Core Competence Summary
Responsible for: Multi-platform information capture, cleaning and analysis work
Requirements:
- Familiar with common open source crawler frameworks, such as scrapy / pyspider?
- Understand the principle of cookie-based login, and be familiar with common information extraction techniques , Such as regular expressions, XPath
- Familiar with common anti-crawler technologies, and have certain resistance capabilities
- Experience in distributed crawler architecture*
Byte Beat python crawler engineer 22-40k
Responsible:
- Design and develop a distributed web crawler system, capture and analyze multi-platform information, monitor the crawler progress and alert feedback in real time
- Web page information and APP data extraction, cleaning, and deduplication, etc. Work
Requirements:
- Have a solid algorithm and data structure ability
- Familiar with crawler principles, Familiar with common anti-crawler technologies
- Master the http protocol, familiar with common data extraction technologies such as html, dom, xpath, etc.

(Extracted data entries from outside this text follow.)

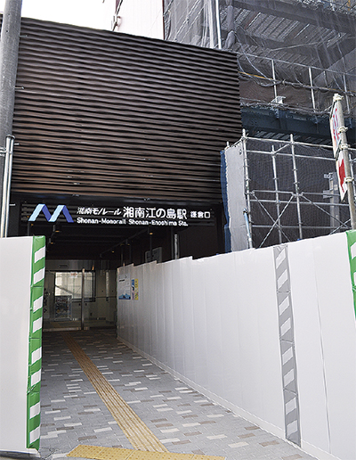 駅舎の改修工事が進められている湘南江の島駅(藤沢市片瀬3の15の1)では、エレベーターの供用が始まった。
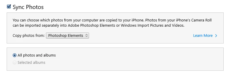 I have installed PE2020 and I am unable to download photos from my PC to my iPhone or iPad using itunes. The option is present in itunes but no photos appea or albums appear. iTunes screenprint below. I used to do this years ago on an older version of PE.
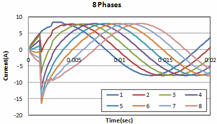 For the analysis, the leftmost phase was used as the reference phase, and calculations were performed by increasing one layer to the right, from 2 to 8 phases. As mentioned earlier, interpolation is performed for phases 2 to 8, so phase 2$m$ is actually phases 4, 8, 12, and 16. The coil currents resulting from the analysis in phases 2, 3, 5, and 8 are shown in Fig. 4. It can be seen that as the number of phases increases, the number of corrections increases, and thus the corrections are made earlier in the process. All phases can be corrected by the simple multiphase EEC method (P-EEC: Polyphase EEC). This shows that the simple polyphase EEC method is very effective.
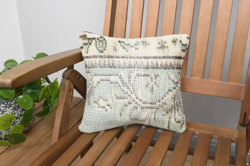Almohada de tiro bordada geométrica verde y beige, cojín vintage hecho a mano
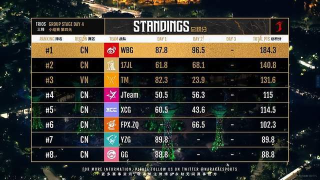 这不,在仅仅的四天比赛中,WBG在三排的表现是非常惊艳的,第二天斩获87.8积分,第四天斩获96.5积分,成绩相当的稳定。最关键的是,WBG的总积分是184.3分,领先第二名将近44分,这是什么概念?相当于是领先其他人两把大分局,晋级小组赛肯定是没有压力了,大概率还是积分榜榜首晋级的!
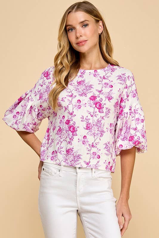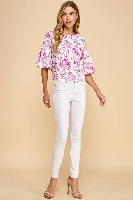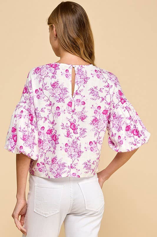 Floral Print Puffed Sleeves Boxy Top
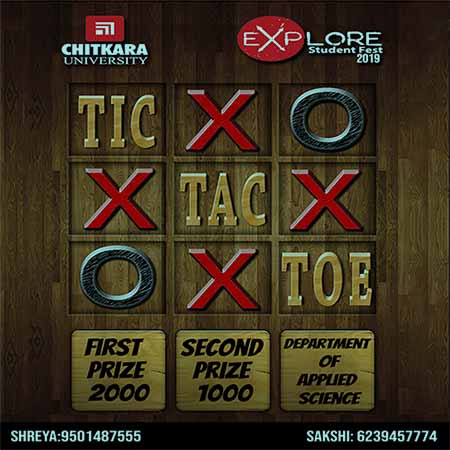 Life itself is a game of tic-tac-toe. Its always better when you are surrounded with X's and O's. To rejuvenate your childhood in Explore'19 we have tic-tac-toe for all of you. To play with the minds and to outwit the rival in this challenge! Buckle up yourselves as it is too much fun
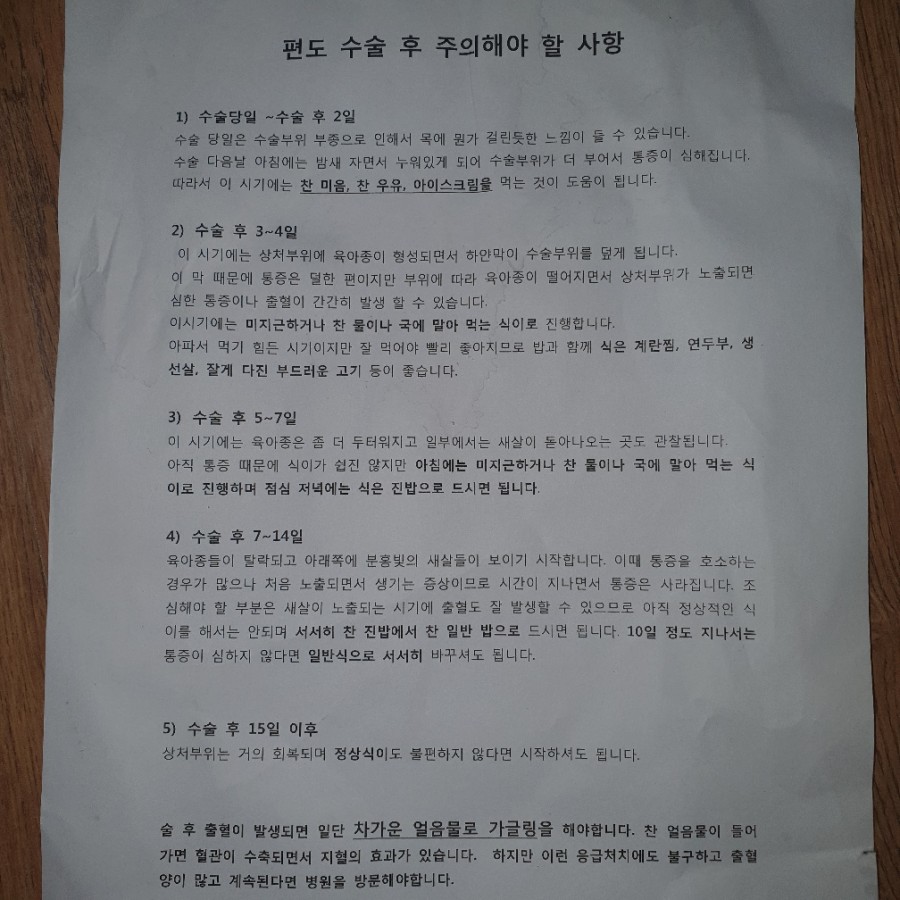 수술하고 10일 정도는 태어나서 가장 힘들어요.그게 아팠으니까 수술한 걸 많이 후회했지만 다시 견디다 보니까 시간이 가더라고요.지금은 수술하길 잘했다는 생각이 듭니다.수술하지 않았다면 평생 편도결석으로 인한 이물감, 냄새로 고생했을 테고 매년 오는 편도염으로 삶의 질이 많이 떨어졌을 텐데… 🙂
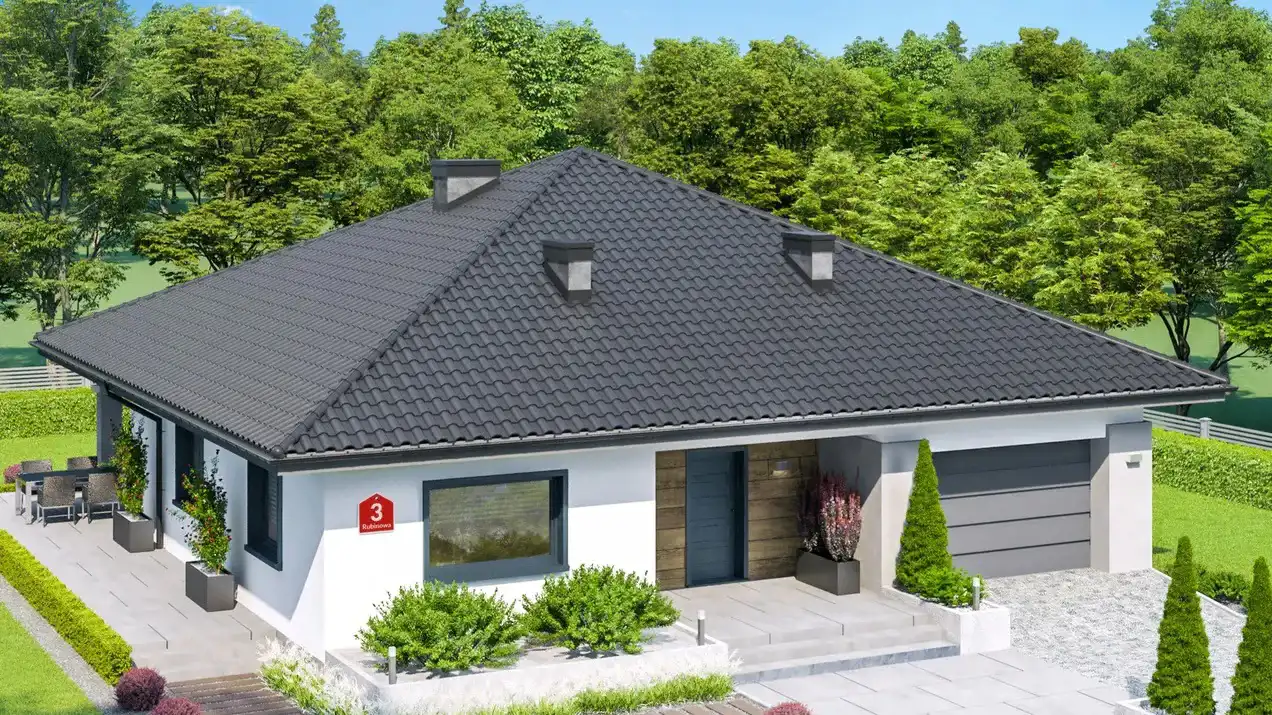 Dom według projektu "Dom przy Rubinowej 3" o powierzchni całkowitej 142,71 m2, składa się z:

- Persons with experience in large-scale data processing, data mining, information extraction, etc. Priority
Xiaomi Data Crawler Engineer 20-40k
Responsible: p>
- Responsible for the design and development of a distributed web crawler system, for the capture and analysis of multi-platform information
- Responsible for the extraction of page content for web search, and the filter weight under the search field ( simhash/minhash), clustering, anti-spam, page analysis, tags, classifiers (Bayes/Bayes/LR/SVM), data mining, etc., to improve the crawling efficiency of the platform
- Participate in crawlers Core algorithm and strategy optimization, familiar with the scheduling strategy of the collection system
- Real-time monitoring of crawler progress and alert feedback
Requirements:
- Familiar with Linux system, mastering languages such as Python
- Mastering the principle of web crawling And technology, understand the principle of cookie-based login, and be familiar with web page information extraction technologies based on regular expressions, XPath, CSS, etc.

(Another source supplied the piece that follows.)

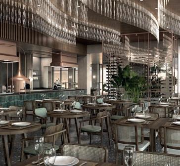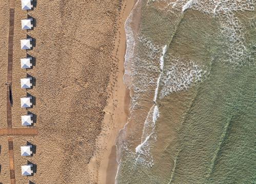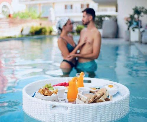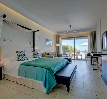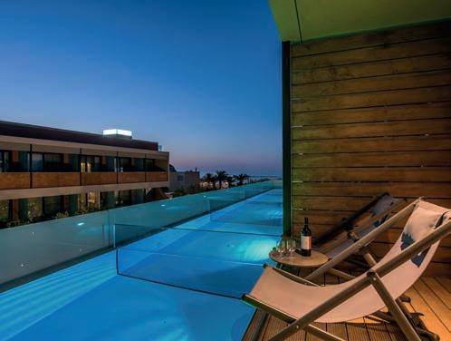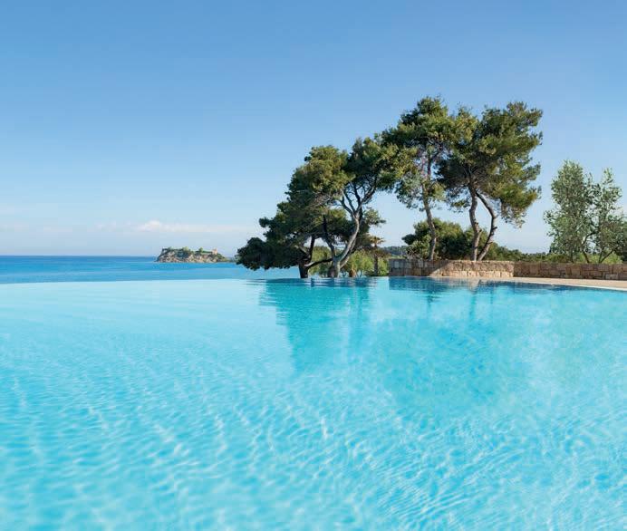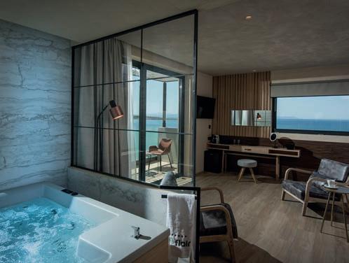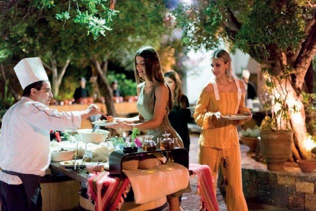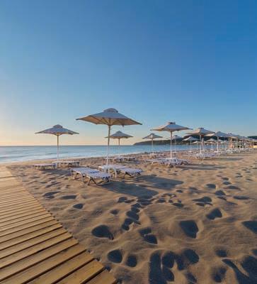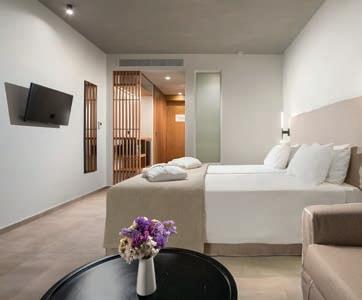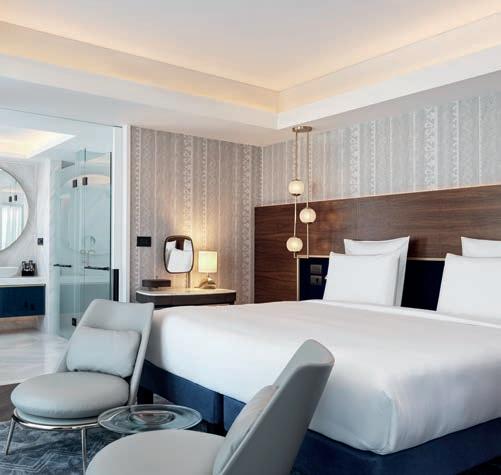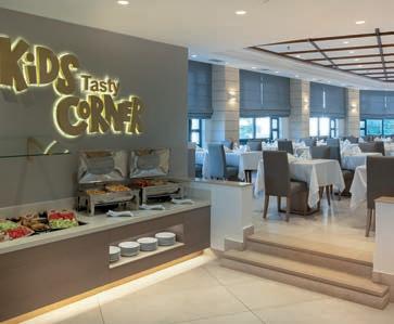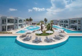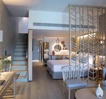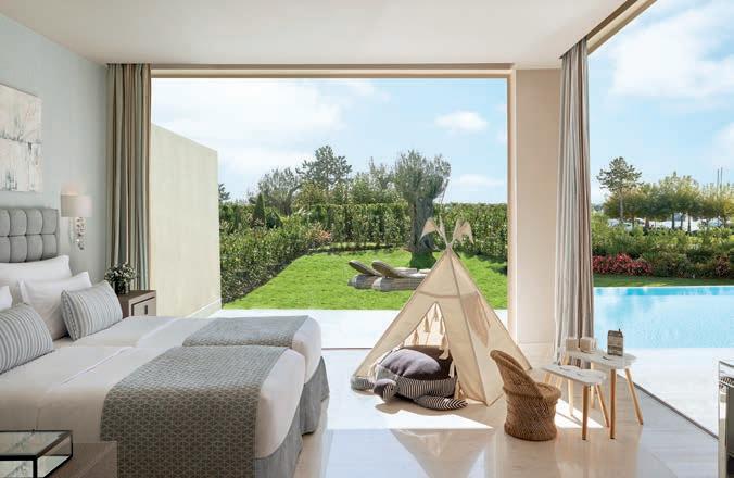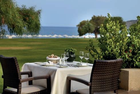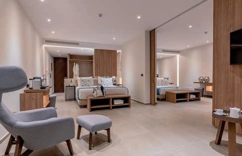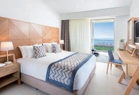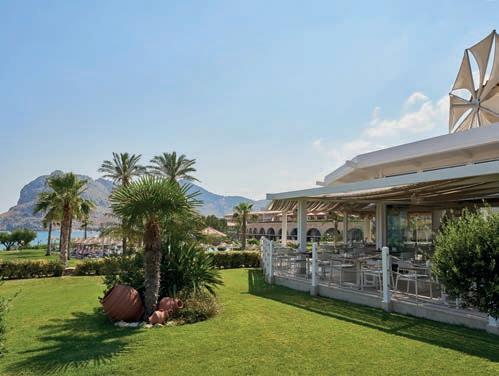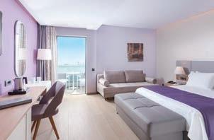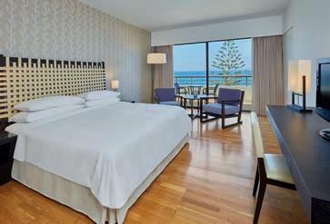 Radiating a family-inclusive mindset where visitors feel in stantly at home, the resort has a multi-generational quality that sees guests return year-after-year. Generously sized and with a high proportion of interconnecting options, the 401 gue strooms and suites, combine casual ease with Rhodian design. A soft color palette connects with nature through light wood flooring, woven headboards and tree-inspired wallcoverings. Each room comes with comfortable Signature Sheraton bed, framed by floor-to-ceiling windows and limitless sea views. Offering traditional cuisine, Sheraton Rhodes Resort fuses Grecian and cosmopolitan flavors with craftsmanship, ta lent and Aegean views. A shared culinary experience, L’Onda serves authentic Italian dishes in a terrace setting, where the seascape adds to the relaxed atmosphere. Fresh, local produce and homespun flavors are prepared at Thèa Restau rant, while casual, pool-side plates can be enjoyed at Medit teraneo, set within olive grove gardens. Serving buffet dining from morning ‘til late, Castellania Restaurant showcases a

- Familiar with the entire crawler design and implementation process, have experience in large-scale web information extraction and development, and be familiar with Various anti-crawler technologies, with experience in distributed crawler architecture
- The ability to link analysis (pagerank, trustrank), feature extraction (page quality, authority, topic, linear/non-linear regression, LDA), etc. is preferred
NetEase Crawler Engineer 12-24k
Responsible:
< ul>
Requirements:< /p>
- Proficient in python, computer networks, proficient in multi-threading, familiar with common crawler frameworks such as Scrapy;
- Familiar with Linux operations, regular expressions, MySQL, MongoDB and other common databases, understand Various Web front-end technologies;
- Can solve the problems of account closure, IP closure, verification code recognition, image recognition, etc.;
Scallop Crawler Engineer 8-16k
Responsible:
- Develop a distributed web crawler system to capture information on multiple platforms and Analysis work?

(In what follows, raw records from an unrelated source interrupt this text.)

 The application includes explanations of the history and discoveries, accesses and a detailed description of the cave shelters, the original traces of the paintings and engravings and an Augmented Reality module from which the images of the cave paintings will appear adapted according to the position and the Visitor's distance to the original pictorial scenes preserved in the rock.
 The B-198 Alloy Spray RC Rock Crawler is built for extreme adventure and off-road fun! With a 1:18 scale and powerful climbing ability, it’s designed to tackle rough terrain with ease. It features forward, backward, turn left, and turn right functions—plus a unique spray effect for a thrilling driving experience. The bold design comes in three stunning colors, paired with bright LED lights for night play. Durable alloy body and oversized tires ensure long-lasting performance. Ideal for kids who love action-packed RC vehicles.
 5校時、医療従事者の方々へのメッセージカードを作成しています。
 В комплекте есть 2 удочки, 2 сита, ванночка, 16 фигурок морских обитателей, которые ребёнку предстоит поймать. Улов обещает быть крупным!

- Responsible for web page information and App data extraction and deduplication work?
- Cooperate with algorithm posts to complete ETL related tasks
Requirements:
- Master the principles and technologies of web crawling, understand the principles of cookie-based login, and be familiar with web information extraction technologies based on regular expressions and XPath?
- Solid coding ability and algorithm foundation, familiar with Python / Shell development under Linux
< li>Familiar with commonly used open source crawler frameworks, such as scrapy / pyspider?